Our first meal in NYC was at this cozy authentic Irish pub. The food and atmosphere were so great, this was by far my favorite spot on the trip.
Rockefeller Center. I mean, it’s a tourist must see, right?
The Statue of Liberty. We had to take the coldest boat ride ever to see this beauty. But I got to see the Hudson River, Brooklyn Bridge, and amazing views of the NYC skyline. Totally worth it.
The Empire State Building…..it is as massive as you think. The weather was cloudy and rainy almost the entire time, so trip to the top wasn’t worth it to me. But I had to at least see it.
This is Times Square around 11 pm as we headed back to our hotel in a cab. People are everywhere with no signs of slowing down. I loved it.
These houses are so iconic NYC in my mind. I used to dream of living in one and walking to central park to play with my future kids. After visiting, I know I could never live there, but it’s always fun to dream.

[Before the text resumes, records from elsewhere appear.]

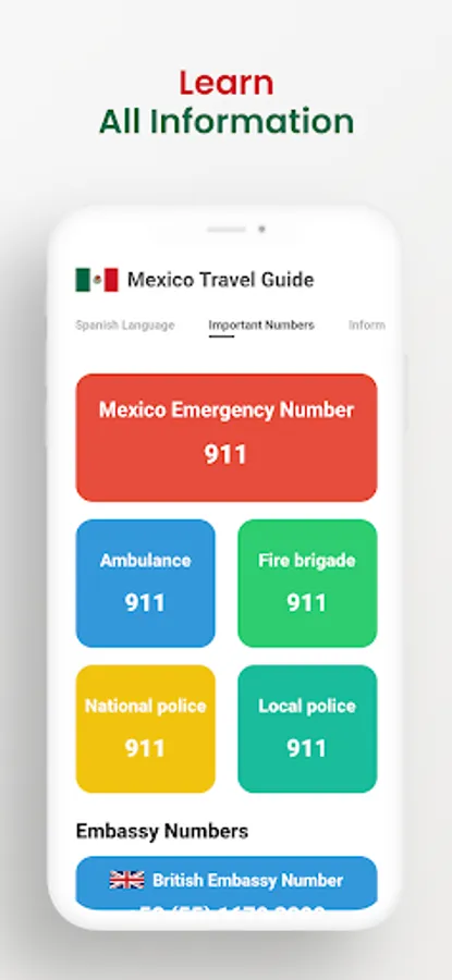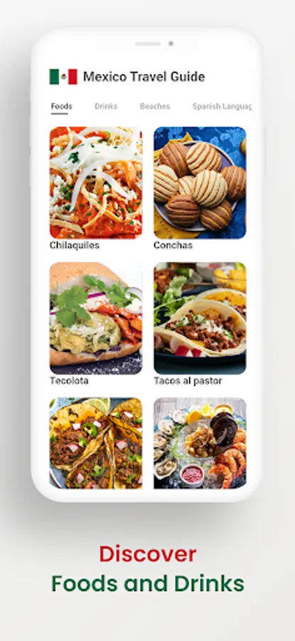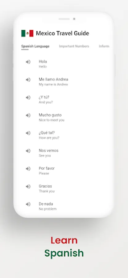 The sections in the application are: Mexico's popular cities, Mexico's popular places, Best Mexican Foods, Best Mexican Drinks, Best Beaches in Mexico, Learn Spanish Language, Informations about Mexico and Important Numbers in Mexico.
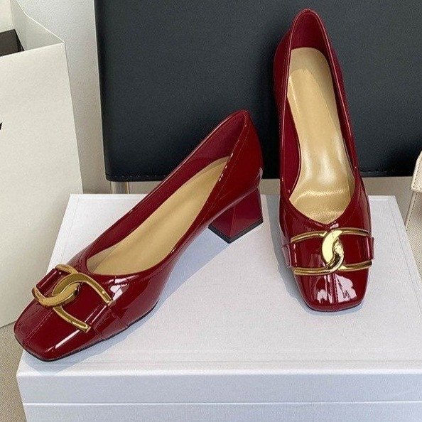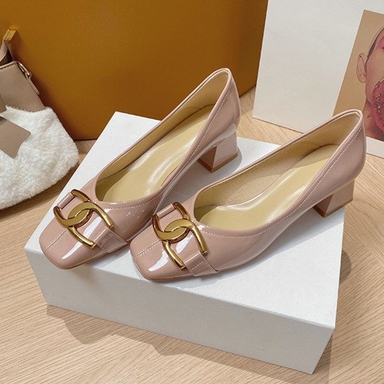 女鞋法式方头单鞋女软皮秋季新款通勤气质粗跟方扣高跟鞋
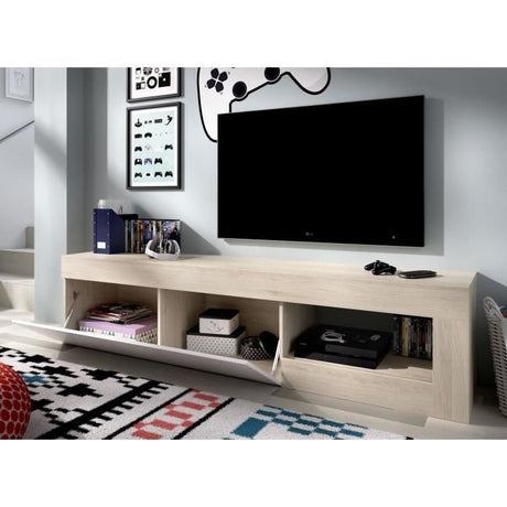 €242,92Precio unitario /Agotado Meuble TV bas - LEBO - Chene / Blanc Brillant - 204 x 42 x 48 cm
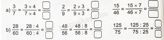 Cùng giảm 5 lần tử số và mẫu số của phân số trong tấm thẻ bên … Khoanh vào các phân số bằng nhau trong các phân số sau 4/6
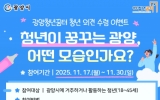 순천 전향윤 기자2025. 11.17[뉴스맘]광양청년꿈터가 11월 17일부터 11월 30일까지 ‘청년이 꿈꾸는 광양, 어떤 모습인가요?’를 주제로 청년 의견 수렴 이벤트를 진행한다. 이번 이벤트는 광양시 청년들의 다양한 목소리를 듣고, 청년이 바라는 광양의 미래상을 향후 청년정책과 프로그램 운영에 반영하기 위해 마련됐다. 참여 대상은 광양시에 거주하거나 광양시에서 활동하고 있는 18세~45세 이하 청년이다. 참여 방법은 광양청년꿈터 공식 SNS(네이버 블로그·인스타그램) 중 한 곳을 팔로우한 뒤, ‘청년이 바라는 광양의 모습’을 자유롭게 작성해 팔로우 인증과…
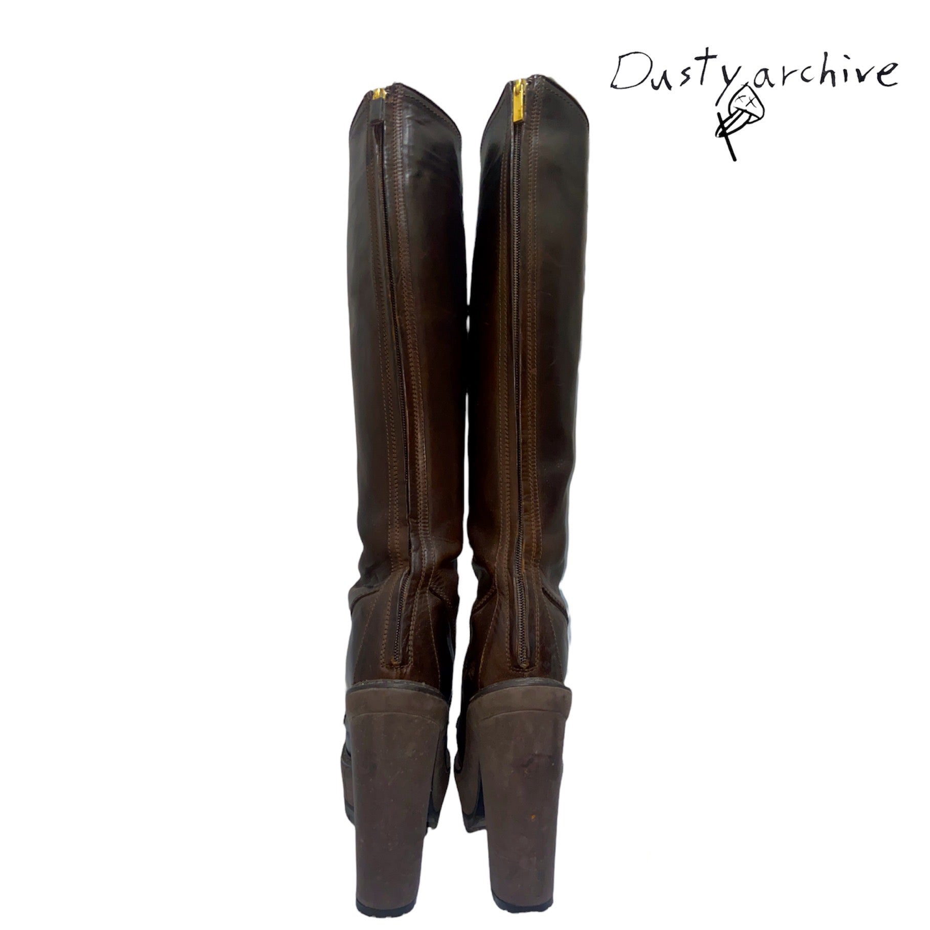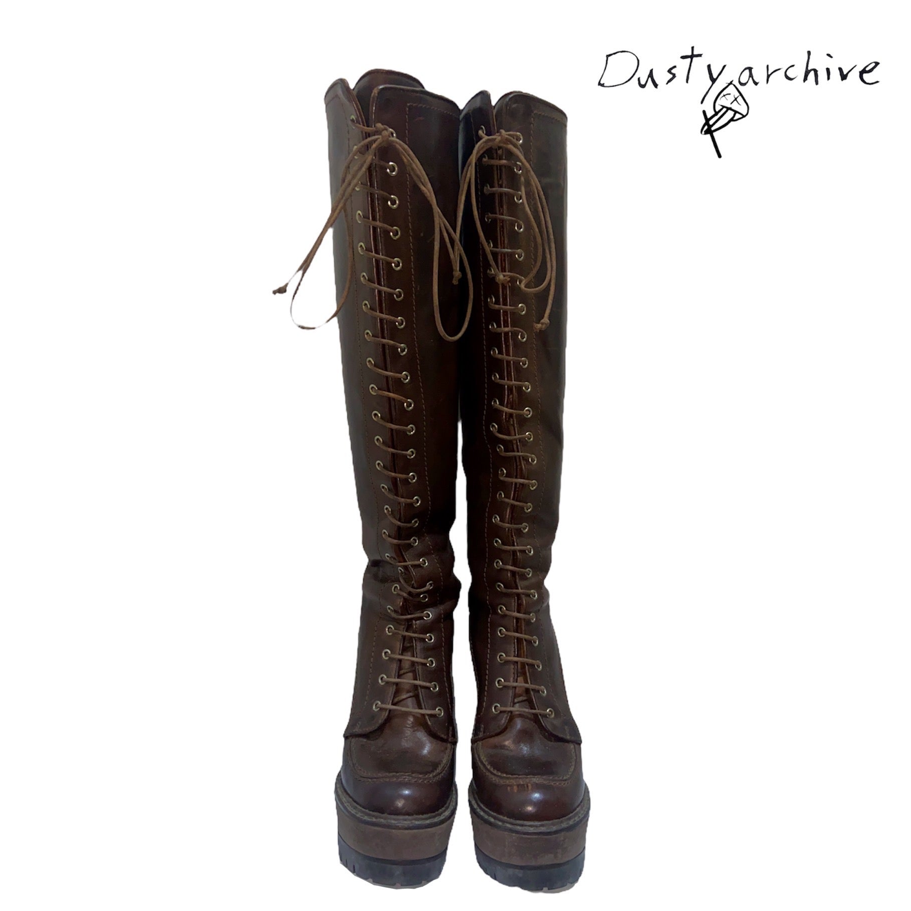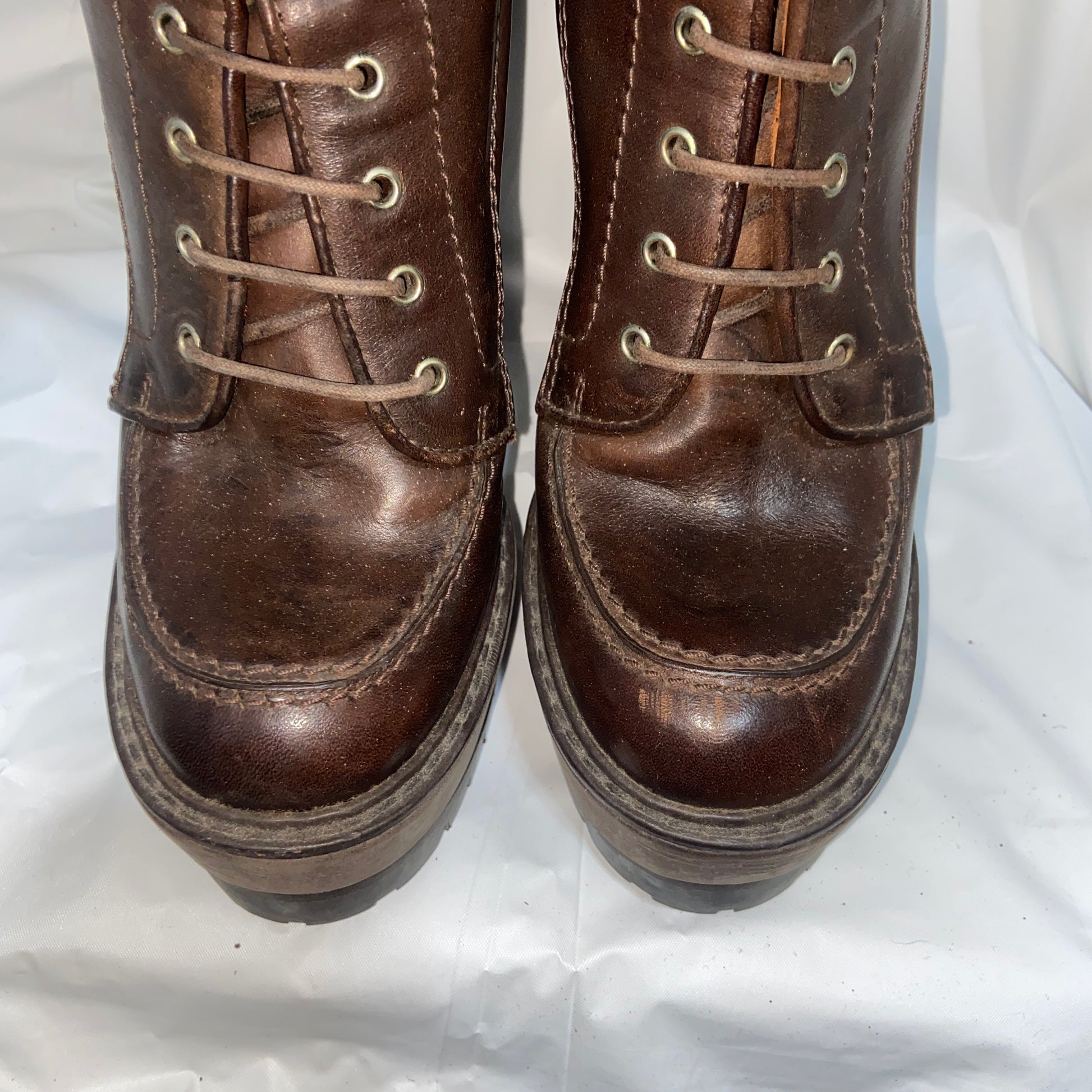 Givenchy 2011 Riccardo Tisci platform block heel knee high leather lace boots 37

Did you guys know I’m gluten free? Well, I am. I know, what a jerk face. It’s a health issue for me, I’m not a hipster you guys. I swear….scouts honor. 😉 On our last day there I decided I needed to spend some time on my own. See if I could really do this whole solo gig. If I choose to do this life alone, what will it be like to explore a city solo? Can I eat dinner alone? Sit with myself and just watch life happen. So I struck out on my own in a huge city. It was scary at first, I won’t lie. And lonely. And sad. But I explored and shopped and eventually landed at a cool pub and had dinner and drank amazing beers by myself for two hours. I watched people laugh and enjoy the company of others and soaked it in. I did some thinking and decided I totally hate being by myself, ha! I felt sad and of course thought how much more fun I would be having if Matt were there with me. We would try different beers and watch the homeless people on the street flip off the people who don’t give them money (true story) and laugh. We would have talked about what we loved about the city and what we absolutely hated about it. (The smells in case you’re wondering…..its bad.) Instead I just sat quietly alone and watched others live out their lives and made up stories about them. I mean, let’s be honest….that’s highly entertaining. Then I flew home to my babies whom I missed so dang much. Gosh for as much as they make me lose my ever-loving-mind, I sure do miss them when I don’t see them for two days. Little turds…..I love ’em.
That’s my last trip until I’m done with nursing school. I’m a broke widow/college student/single mom. Unless someone else is footing the bill, (anyone looking to be my secret travel benefactor? It’s an open position, just saying) we are traveled out for now and that’s OK. I’m ready to dig in to this new life, this new Michelle and this new future with my kids. I’ll have my hands full finishing my degree and carving out a life for us here in our new home. Beginning Again. Life is full of endings and beginnings whether we like it or not I guess. How we choose to embrace them is everything.
My heart knows that the one year mark is coming closer and closer. I am trying to prepare myself for this day, this moment in time. One whole year without Matt in my life. It seems impossible to me still…..and I often wonder if it will ever feel like this is my real life now. I’m actually living without Matt by my side. I still dream of Matt often and he is always alive…..sometimes he’s sick and sometimes he’s healthy, but he’s always alive and so real to me that when I wake up it’s so painful because I remember again that he died. He is gone and I long to sleep so I can be with him again. I am always happy/sad after those dreams because I get to see him and talk to him and laugh with him and it all feels so real, so near. Yet incredibly sad because it isn’t real, that is no longer my life and it breaks my heart all over again. This whole life thing is……..well, it’s something. It’s something, indeed.